Successful completion of the Company's development program and, ultimately, the attainment of profitable operations are dependent upon future events, including obtaining adequate financing to fulfill its development activities, acceptance of the Company's patent applications, obtaining additional sources of suitable and adequate financing and ultimately achieving a level of sales adequate to support the Company's cost structure and business plan. The Company's ability to continue as a going concern is also dependent on its ability to further develop and execute on its business plan. However, there can be no assurances that any or all of these endeavors will be successful.

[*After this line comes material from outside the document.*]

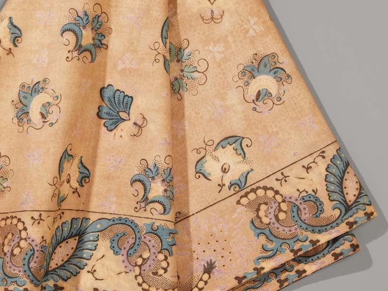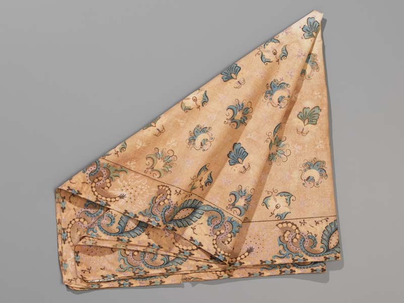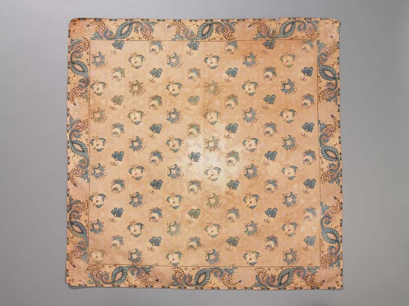 Vierkante bedrukte katoenen doek of sjaal, oorspronkelijk crème grond met lichtblauwe florale motieven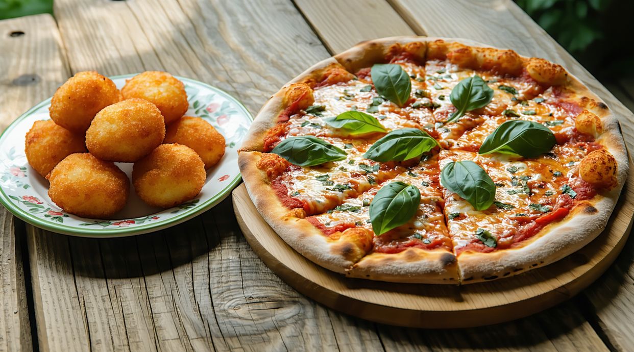 Relleno de ricotta dei Monti, salami Napoli, jamón cocido, fior di latte dei Monti, tomate triturado a mano, aceite de oliva virgen extra y albahaca

On August 18, 2025, the Company sold 1,000,000 shares of common stock for total gross proceeds of $4,000,000. After deducting the underwriting commissions and offering expenses, the Company received net proceeds of $3,340,000.
Off-Balance Sheet Arrangements
We do not have any off-balance sheet arrangements that have or are reasonably likely to have a current or future effect on our financial condition, changes in financial condition, revenues or expenses, results of operations, liquidity, capital expenditures or capital resources.